Media Ethics Goes to the Movies

Article excerpt

* Media Ethics Goes to the Movies. Howard Good and Michael J. Dillon. Westport, CT: Praeger, 2002. 208 pp. $64.95 hbk.

Films, TV shows, novels, and other popular culture artifacts can be powerful tools in helping students to think critically about the media. In this book, Howard Good and Michael J. Dillon use movies as case studies in media ethics. Good is coordinator of the journalism program at the State University of New York at New Paltz and the author of several other books about journalism movies; Dillon is professor of communications at Duquesne University.

The book draws upon many of the usual suspects in the films it analyzes along with a few that on the surface have little to do with the media. The purpose is to illustrate primary approaches to doing ethics as well as central ethical dilemmas that media practitioners, especially journalists, face. Thus 1951's Ace in the Hole (a.k.a. The Big Carnival) is used at the start to introduce Aristotle's Golden Mean, Kant's Categorical Imperative, Mill's Utilitarianism, and Rawls's Veil of Ignorance. Deadline, USA (1952) becomes a study in social responsibility theory. The Paper (1994) employs the Potter Box while All the President's Men (1976) analyzes means versus ends (in this case, whether deception is justified in uncovering malfeasance at the highest levels of government).

At the same time, 12 Angry Men (1957) uses a jury's deliberations to show how prejudice and misperception can confound Enlightenment ideals of rationality and truth: an important lesson for prospective journalists. Eight Men Out (1988) draws a parallel between baseball and journalism in considering competing loyalties to the "team" or organization, to owners, and to the public. The Rock (1996) is a case study in entertainment violence. Other movies covered in individual chapters include Under Fire (1983), True Crime (1999), and Network (1976).

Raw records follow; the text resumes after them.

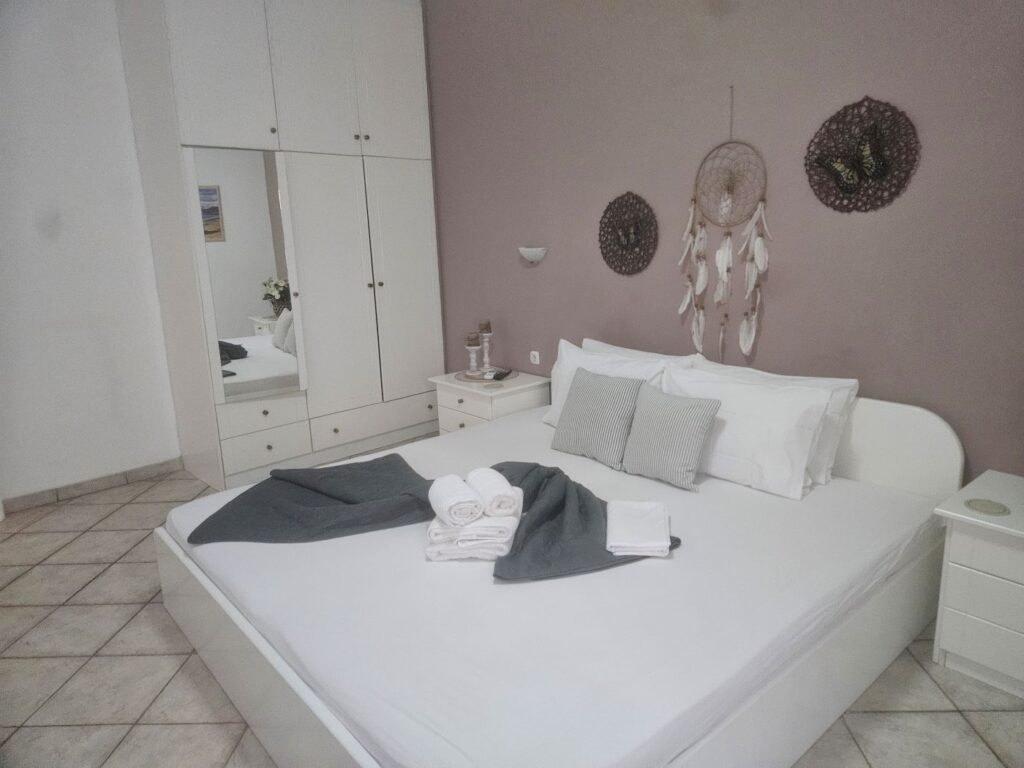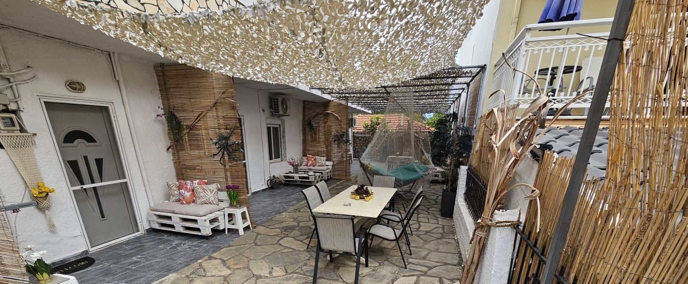 Апартманот се наоѓа на приземје и располага со две простории.Во првата просторија е кујната која е основно опремена со кујнски инвентар за лесни оброци без пржење,голем фрижидер,ел.шпорет со фурна, аспиратор,чајник и има кревет на спуштање наменет за спиење на 1 возрасен+1 дете.Втората просторија е спланата соба во која има еден дупли кревет комотен за спиење на две лица, тв, плакар за алишта и клима уред.Од апартманот се излегува на сопствен двор декоративно среден со маса и столици и полн со зеленило.Апартманот располага со стандардно купатило и WC.
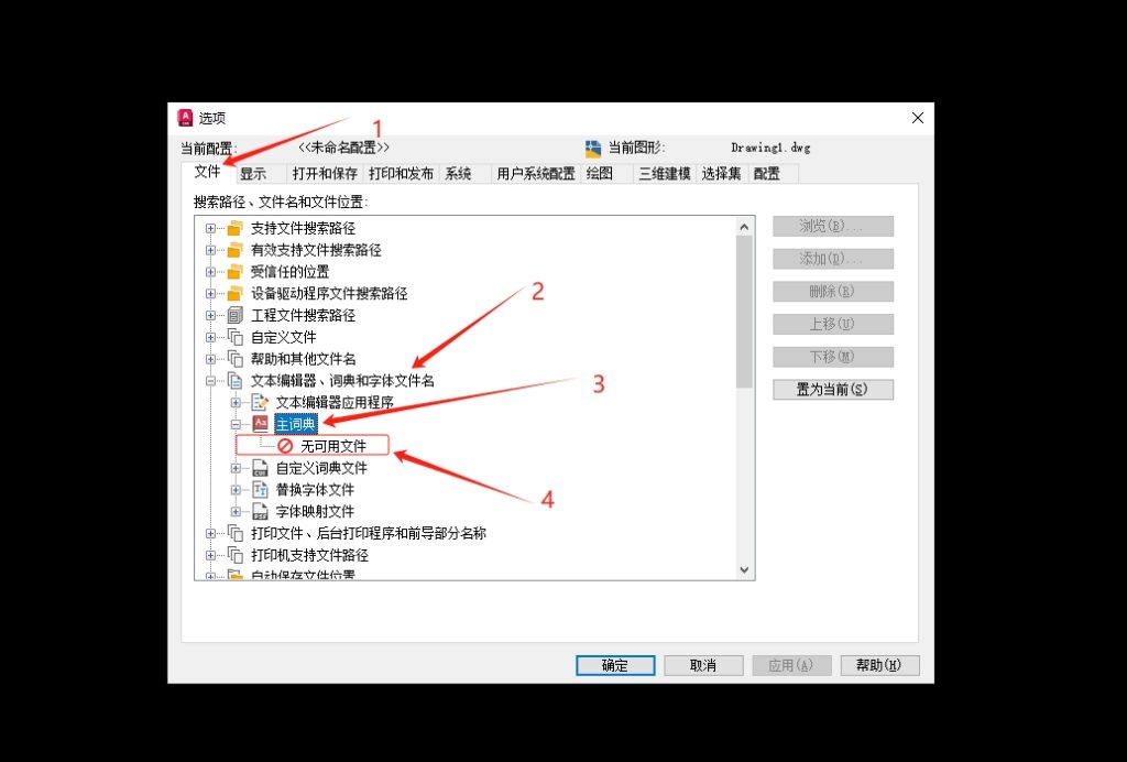 1、打开CAD,输入OP,回车,打开选项对话框,在文件选项卡中检查朱词典是否为无可用文件,如下图所示。
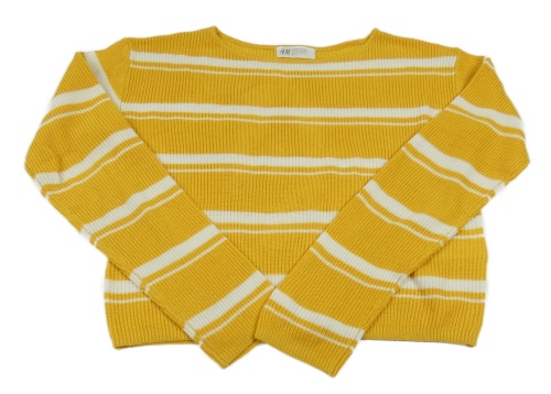 Hořčicovo-biely pruhovaný crop sveter H&M

Each chapter concludes with a set of questions for students, and, especially for teaching purposes, those questions are the book's greatest strength. Ace in the Hole launches a discussion about reporters becoming part of the stories they cover, Deadline, USA raises concerns about the separation between the news and business sides of media organizations, and Under Fire considers how American journalists cover the rest of the world. Network poses particularly provocative questions: "Which do you feel poses a greater threat to freedom of expression in the United States, the government or the corporate media? …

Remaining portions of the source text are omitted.